I think series in 2 has to be uniformly convergent for,
$|\frac{1}{((x+\pi)n)^2}|$ $\leq $ $\frac {1}{n^2} $ and as $\sum {\frac {1}{n^2}} $ is convergent, by Wierstrass M-test the series in (2) is uniformly convergent.
But I don't how to proceed for the series in (1). Any help please! Also tell if my answer to the (2)nd is correct.

Answer 1

For part (1) you have $$ \left|\frac{x}{n}\right|^n< \left|\frac{\pi}{n}\right|^n$$ and $$\sum_{n=1}^\infty \left|\frac{\pi}{n}\right|^n$$ converges so the M-test applies here.

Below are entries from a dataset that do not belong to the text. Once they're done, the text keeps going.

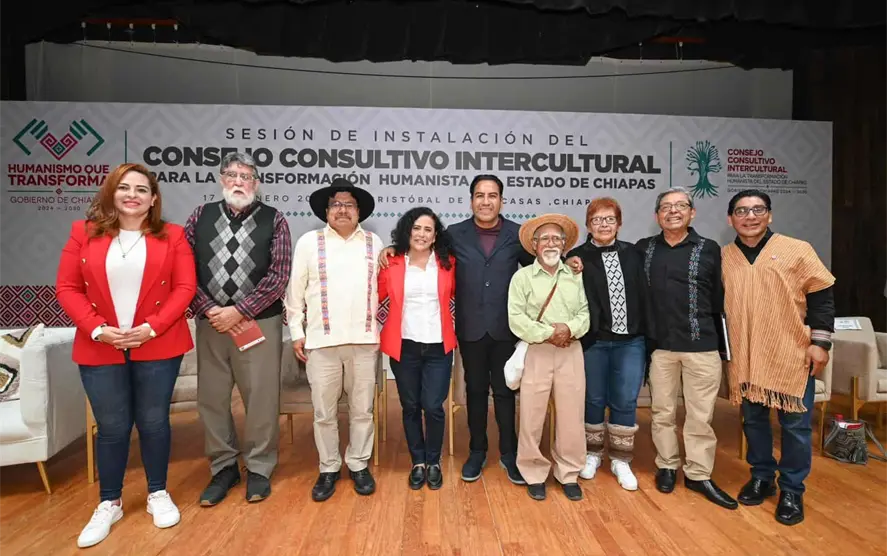El gobernador Eduardo Ramírez Aguilar presidió la sesión de instalación del Consejo Consultivo Intercultural para la Transformación Humanista del Estado de Chiapas, un órgano colegiado de consulta que tiene como objetivo presentar propuestas y recomendaciones para la toma de decisiones en áreas como educación, cultura, lenguas, salud y desarrollo social.
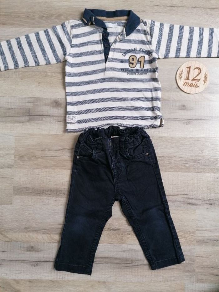 Pantalon marque boîte à malice taille reglable bon état et t-shirt gemo petit défaut sur le 9 voir photo 12 mois En bon état
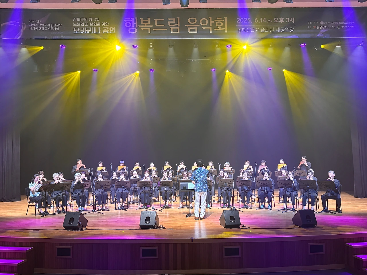 14일 토요일 오후 3시, 동해문화예술회관 대공연장에서 『행복드림음악회』가 성황리에 개최됐다. 이번 음악회는 (사)한국오카리나 총 연합 동해지부가 주최·주관하고, 쌍용 C&E와 시멘트산업사회공헌재단이 후원하여 지역 어르신들과 시민들에게 따뜻한 감동을 전했다.
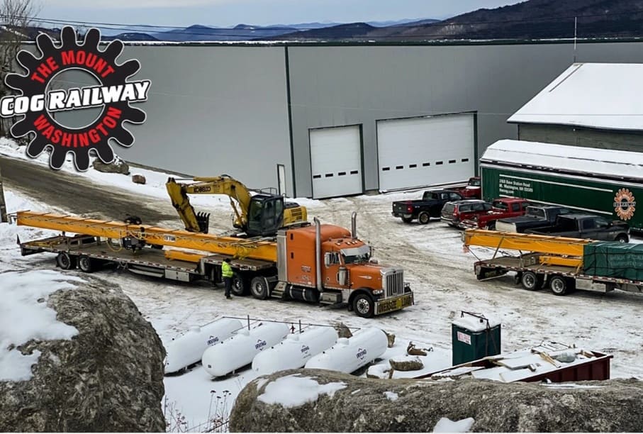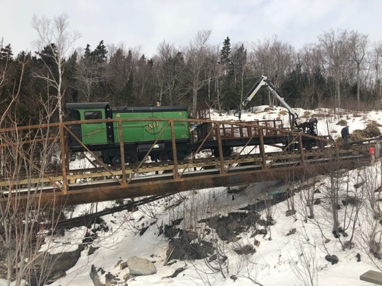 In the autumn of 2017, the railway’s season ended early when flood damage occurred to the old trestle bridge over the Ammonoosuc River. A replacement bridge was ordered on 15th December and installation was completed on 6th March 2018. The bridge, sporting faux trusses, was designed and built off-site by Big R Bridge, based in Greeley, Colorado. It was delivered by truck and set in place by Cote Crane of Auburn, ME. After delivery it only took 3.5 days to assemble and install the bridge. The new bridge spans 107 ft.
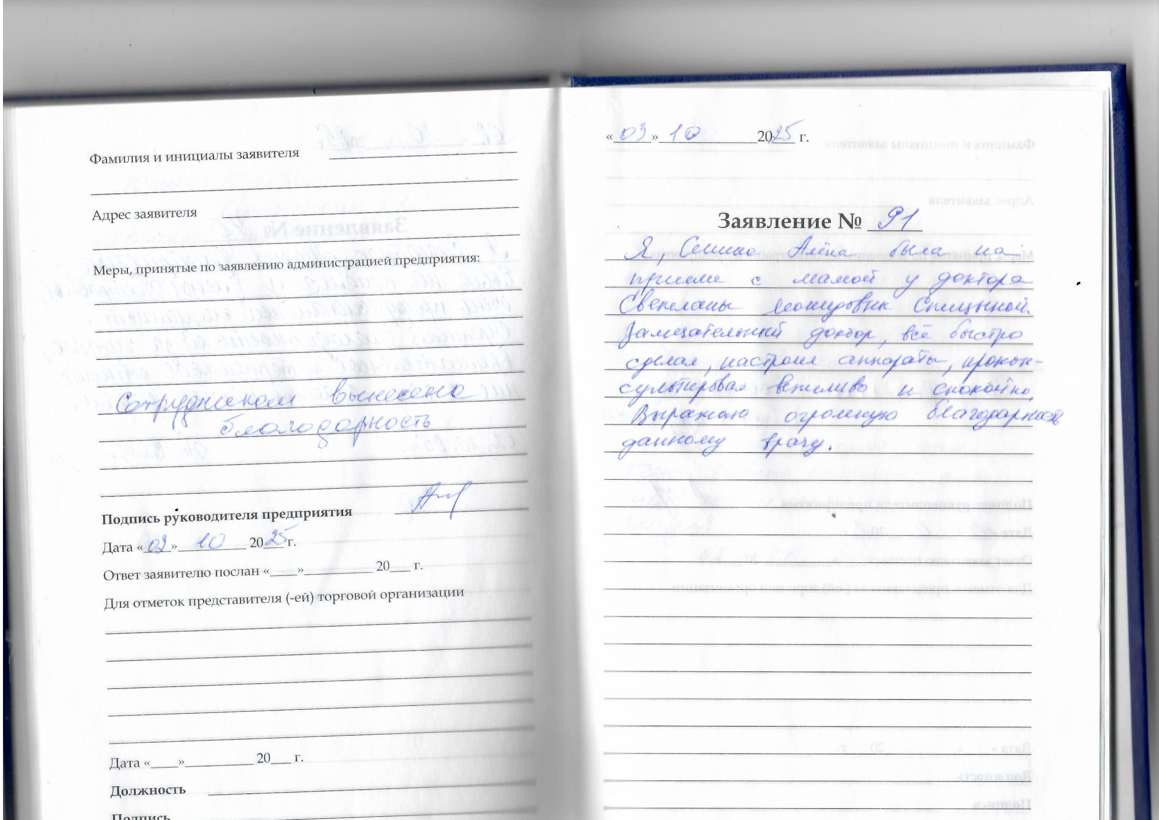 Я. Сенина Алёна была на приеме с мамой у доктора Светланы Леонидовны Спицыной. Замечательный доктор, все быстро сделал, настроил аппараты, проконсультировала вежливо и спокойно. Выражаю огромную благодарность данному врачу.
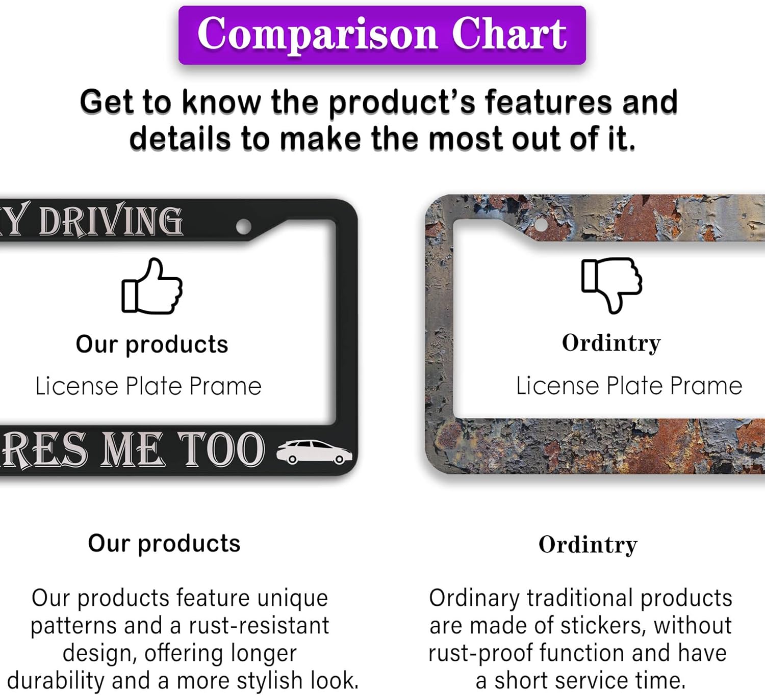 - FUNNY DESIGN: Featuring a unique and customized design, this license plate frame creates an eye-catching and bold statement for your vehicle. Not only does it add a touch of personality to your car, but it also makes for a great holiday gift, souvenir, or decorative piece for family, friends, and colleagues. Elevate your vehicle's style while sharing a laugh!
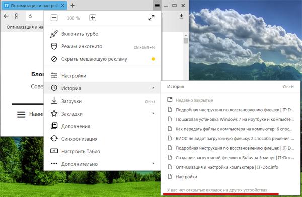Кстати, здесь же, чуть ниже, могут отображаться веб-сайты, которые Вы открывали на других устройствах (смартфоне, планшете или ноутбуке). Но только при условии, что они были синхронизированы с аккаунтом Yandex. В противном случае будет вот такая надпись:
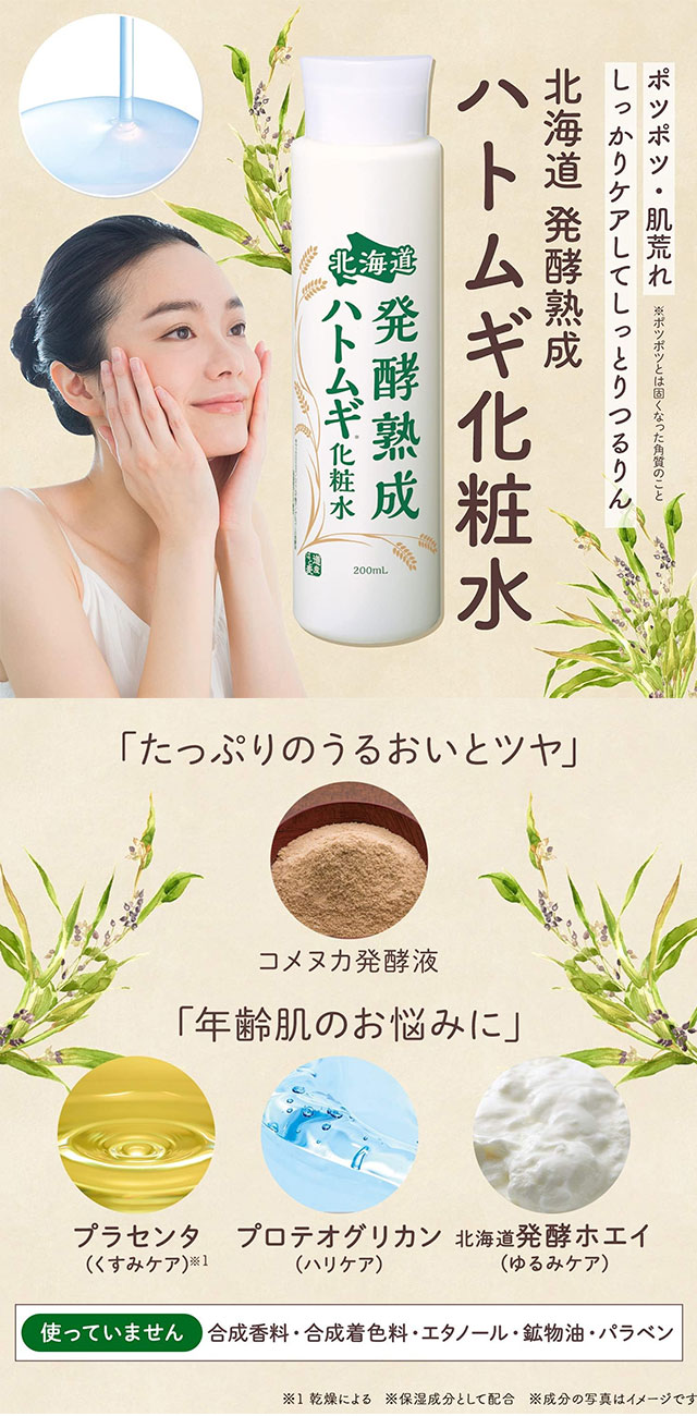 홋카이도산 하토무기를 발효·숙성 공정을 거쳐 담아낸 화장수로,
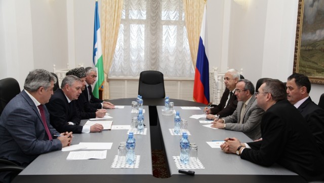 В Доме Правительства КБР состоялась встреча заместителя председателя правительства КБР Мухамеда Кодзокова с заместителем министра по делам религии Турецкой Республики Селами Эменом, муфтием г.Дюзджа Ибрагимом Хилми и советником по вопросам религии посла Турецкой Республики в РФ Саглыком Фахри.

Part (2) is funny, cause it seems pretty benign: $$ \sum_{n=1}^\infty \frac{1}{((x+\pi)n)^2} = \frac{1}{(x+\pi)^2}\sum_{n=1}^\infty \frac{1}{n^2} = \frac{\pi^2}{6(x+\pi)}$$ and yet it doesn't uniformly converge since whatever small difference remains from the nicely converging $\sum \frac{1}{n^2}$ is blown up arbitrarily large by the divergence as $x\to -\pi$ (as user284331 shows in detail in their answer).

Answer 2

Number two is not correct: Let $S_{n}(x)=\displaystyle\sum_{k=1}^{n}\dfrac{1}{(x+\pi)^{2}}\dfrac{1}{k^{2}}=\dfrac{1}{(x+\pi)^{2}}\displaystyle \sum_{k=1}^{n}\dfrac{1}{k^{2}}$, $S(x)=\displaystyle\sum_{k=1}^{\infty}\dfrac{1}{(x+\pi)^{2}}\dfrac{1}{k^{2}}=\dfrac{1}{(x+\pi)^{2}}\displaystyle \sum_{k=1}^{\infty}\dfrac{1}{k^{2}}$, then $|S_{n}(x)-S(x)|=\dfrac{1}{(x+\pi)^{2}}\displaystyle \sum_{k\geq n+1}\dfrac{1}{k^{2}}$, if it were uniformly convergent, then for some $N$, we have $|S_{n}(x)-S(x)|<1$ for all $n\geq N$ and $x\in(-\pi,\pi)$, then fix the $n$, take $x\rightarrow-\pi^{+}$ and the expression blows up.

Compliment to @spaceisdarkgreen answer: $\left|\dfrac{\pi}{n}\right|^{n}\leq\left(\dfrac{n^{1/2}}{n}\right)^{n}=\dfrac{1}{n^{n/2}}\leq\dfrac{1}{n^{2}}$ for large $n$, so the series converges.